Especially if that president is named “Bush.” ChoicePoint’s board and executive roster are packed with Republican stars, including billionaire Ken Langone, a company director who was chairman of the fund-raising committee for New York Mayor Rudy Giuliani’s aborted run against Hillary Rodham Clinton. Langone is joined at ChoicePoint by another Giuliani associate, former New York Police Commissioner Howard Safir. And Republican power lobbyist and former congressman Vin Weber lobbies for ChoicePoint in Washington. Just before his death in 1998, Rick Rozar, president of a Choicepoint company, CDB Infotek, donated $100,000 to the Republican Party.

mantisdragon91
mantisdragon91

@paulejb @mantisdragon91 @forgottenlord  

If Vice President Al Gore is wondering where his Florida votes went, rather than sift through a pile of chad, he might want to look at a “scrub list” of 173,000 names targeted to be knocked off the Florida voter registry by a division of the office of Florida Secretary of State Katherine Harris. A close examination suggests thousands of voters may have lost their right to vote based on a flaw-ridden list that included purported “felons” provided by a private firm with tight Republican ties.

Early in the year, the company, ChoicePoint, gave Florida officials a list with the names of 8,000 ex-felons to “scrub” from their list of voters. But it turns out none on the list were guilty of felonies, only misdemeanors. The company acknowledged the error, and blamed it on the original source of the list — the state of Texas.

Florida officials moved to put those falsely accused by Texas back on voter rolls before the election. Nevertheless, the large number of errors uncovered in individual counties suggests that thousands of eligible voters may have been turned away at the polls.

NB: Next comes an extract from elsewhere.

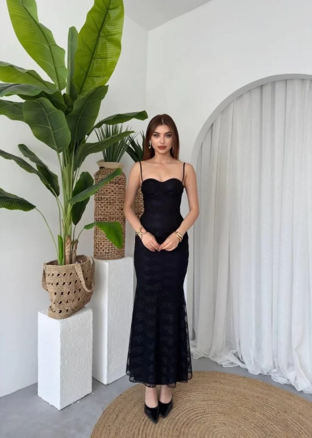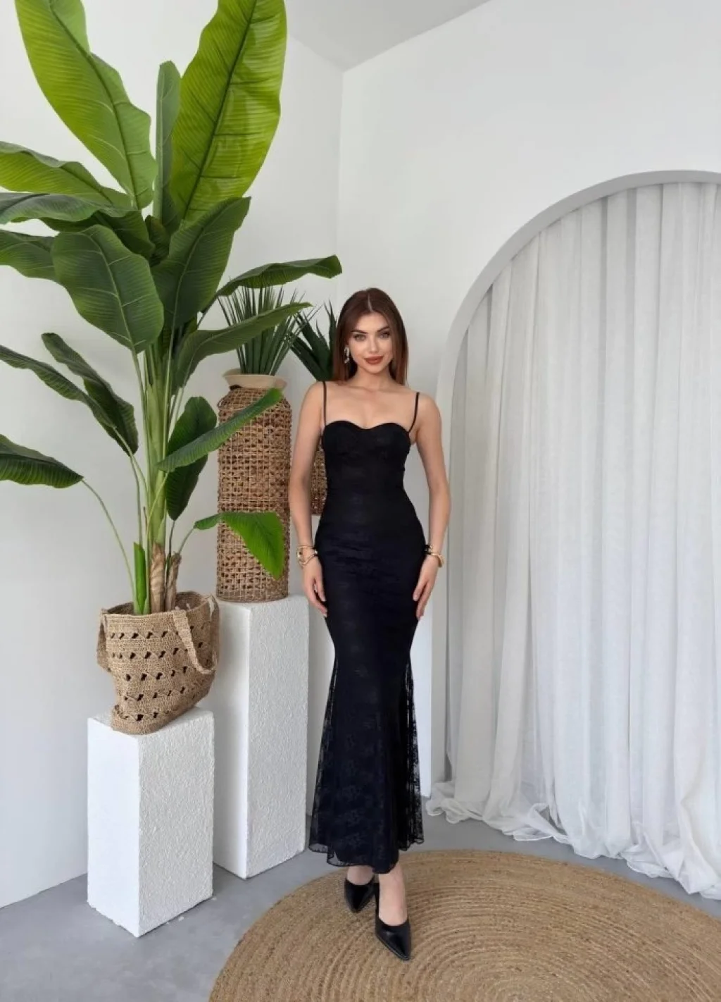 <p>Kalıse İp Askılı Elbise</p><br> <p>Modelin Ölçüleri: Boy:165, Kg:55, Göğüs:90, Bel:72, Kalça: 100</p><br> <p>Modelin üzerindeki ürün M/38 bedendir</p><br> <ul> </ul>
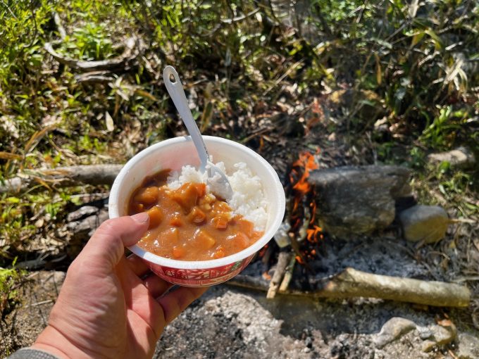 朝食は、なるべく重量を減らしたいのでアルファ米+ボンカレー。なんか、このパターン昨年からまったく進歩していない(笑)。

Florida is the only state that pays a private company that promises to “cleanse” voter rolls.The state signed in 1998 a $4 million contract with DBT Online, since merged into ChoicePoint, of Atlanta. The creation of the scrub list, called the central voter file, was mandated by a 1998 state voter fraud law, which followed a tumultuous year that saw Miami’s mayor removed after voter fraud in the election, with dead people discovered to have cast ballots. The voter fraud law required all 67 counties to purge voter registries of duplicate registrations, deceased voters and felons, many of whom, but not all, are barred from voting in Florida.

mantisdragon91
mantisdragon91

@paulejb @forgottenlord  

The Florida election has been closely scrutinized since the election, and several irregularities are thought to have favored Bush. These included the Palm Beach "butterfly ballot," which produced an unexpectedly large number of votes for third-party candidate Patrick Buchanan. Also noted was a purge of over 54,000 citizens from the Florida voting rolls identified as felons, of whom 54% were African-Americans. The majority of these were not felons and should have been eligible to vote under Florida law.[9] Additionally, there were many more 'overvotes' than usual, especially in predominantly African-American precincts in Duval county (Jacksonville), where some 27,000 ballots showed two or more choices for President. Unlike the much-discussed Palm Beach County 'butterfly ballot,' the Duval County ballot spread choices for President over two pages with instructions to 'vote on every page' on the bottom of each page

forgottenlord
forgottenlord

@paulejb

Even Pat Buchanan doesn't believe he intentionally got that many votes in Palm Beach.  Gore won the election.